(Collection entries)
----------------

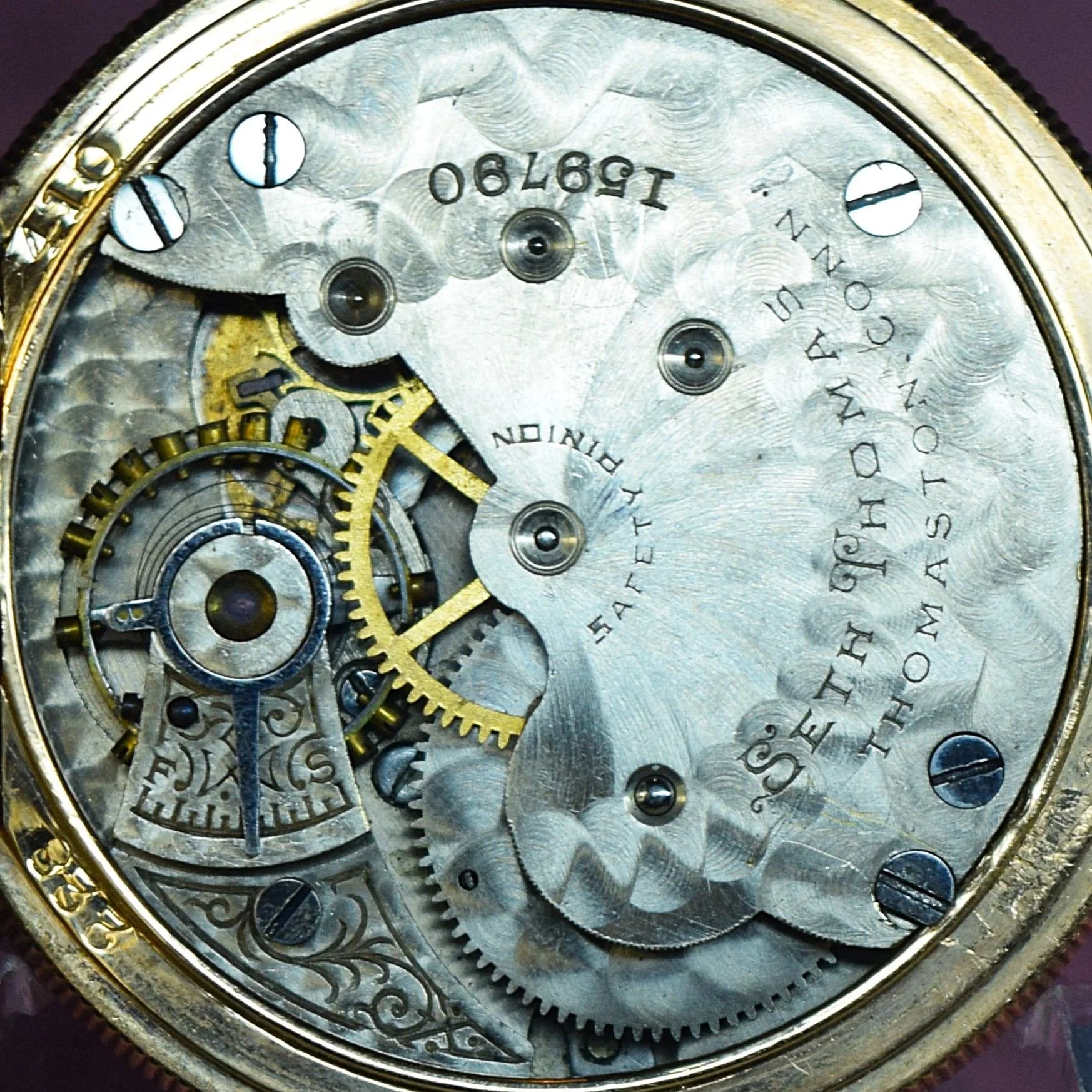 This 1899 Seth Thomas 6-size hunting Model 15 pocket watch was manufactured with a two-tone finished 3/4 plate, 7 jewels, and it is non-adjusted. The movement is stem wound and lever set, with a flat hair spring, and plain/simple regulator. Its serial number is 157080, and its grade is Seth Thomas numbered grade 5. The movement is signed Seth Thomas Thomaston Conn.
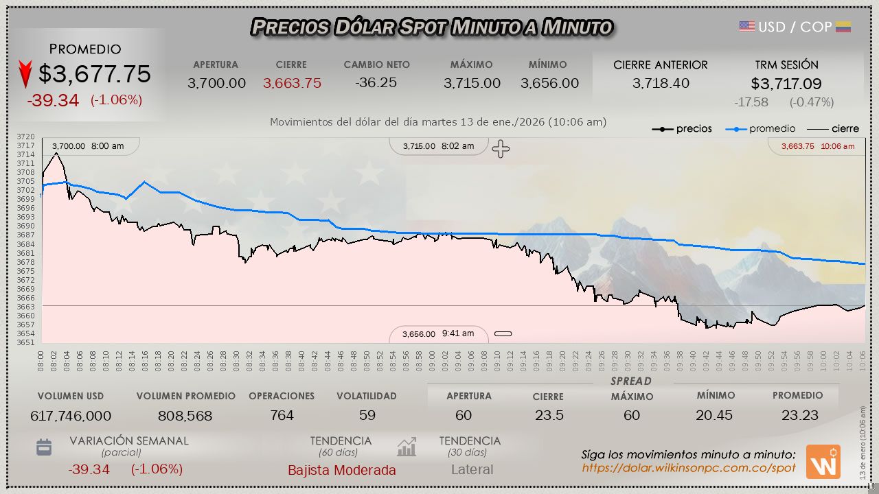 A esta hora del martes, en la sesión del mercado SPOT, el dólar muestra una tendencia a la baja desde el arranque de la sesión, con un precio promedio de $3,677.75, experimentando una pérdida significativa, muy por debajo de la TRM con un margen de $-39.34 pesos (ampliando las pérdidas de la jornada previa), la TRM referida fijada en $3,717.09 para el día.
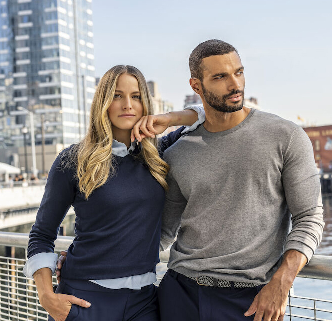 Oakville-neulepusero sopii yhteen monentyylisten vaatteiden kanssa. Neule on pehmeä ja kevyt ja sopii erityisen hyvin paidan päällä käytettäväksi. Sekoitemateriaalin puuvilla tekee neuleesta pehmeän ja nailon tuo sille kestävyyttä. Oakville on saatavana pyöreällä ja V-kaula-aukolla.
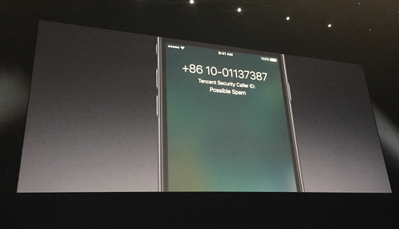 另外,iPhone来电界面可以自动识别来电身份了。根据现场的演示画面,一个区号为北京的座机标记为疑似广告电话。这个识别系统的数据来源方显示的是腾讯公司。
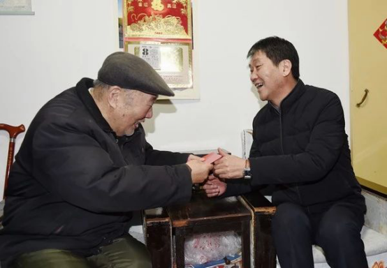 趙廷周走進(jìn)85歲高齡的退休職工賈兆元家中,與老人親切交談,噓寒問暖,仔細(xì)詢問老人的身體健康狀況??吹嚼先朔e極樂觀的良好心態(tài),趙廷周感到由衷高興,將慰問金交到賈老手中并祝福春節(jié)快樂。隨后,趙廷周看望慰問了退休職工任進(jìn)才。他親切詢問老人的家庭生活和身體情況,了解子女工作情況,得知老人患有腦梗及帕金森綜合癥時(shí),囑咐老人子女要照顧好任老的生活起居,讓老人安享晚年。

----------------

→ **Your goal**:
Make an exact copy of only those lines that run from the line with "Oakville-neulepusero sopii yhteen" through the end of the records, excluding pictures.

→ **Problem solution**:
 Oakville-neulepusero sopii yhteen monentyylisten vaatteiden kanssa. Neule on pehmeä ja kevyt ja sopii erityisen hyvin paidan päällä käytettäväksi. Sekoitemateriaalin puuvilla tekee neuleesta pehmeän ja nailon tuo sille kestävyyttä. Oakville on saatavana pyöreällä ja V-kaula-aukolla.
 另外,iPhone来电界面可以自动识别来电身份了。根据现场的演示画面,一个区号为北京的座机标记为疑似广告电话。这个识别系统的数据来源方显示的是腾讯公司。
 趙廷周走進(jìn)85歲高齡的退休職工賈兆元家中,與老人親切交談,噓寒問暖,仔細(xì)詢問老人的身體健康狀況??吹嚼先朔e極樂觀的良好心態(tài),趙廷周感到由衷高興,將慰問金交到賈老手中并祝福春節(jié)快樂。隨后,趙廷周看望慰問了退休職工任進(jìn)才。他親切詢問老人的家庭生活和身體情況,了解子女工作情況,得知老人患有腦梗及帕金森綜合癥時(shí),囑咐老人子女要照顧好任老的生活起居,讓老人安享晚年。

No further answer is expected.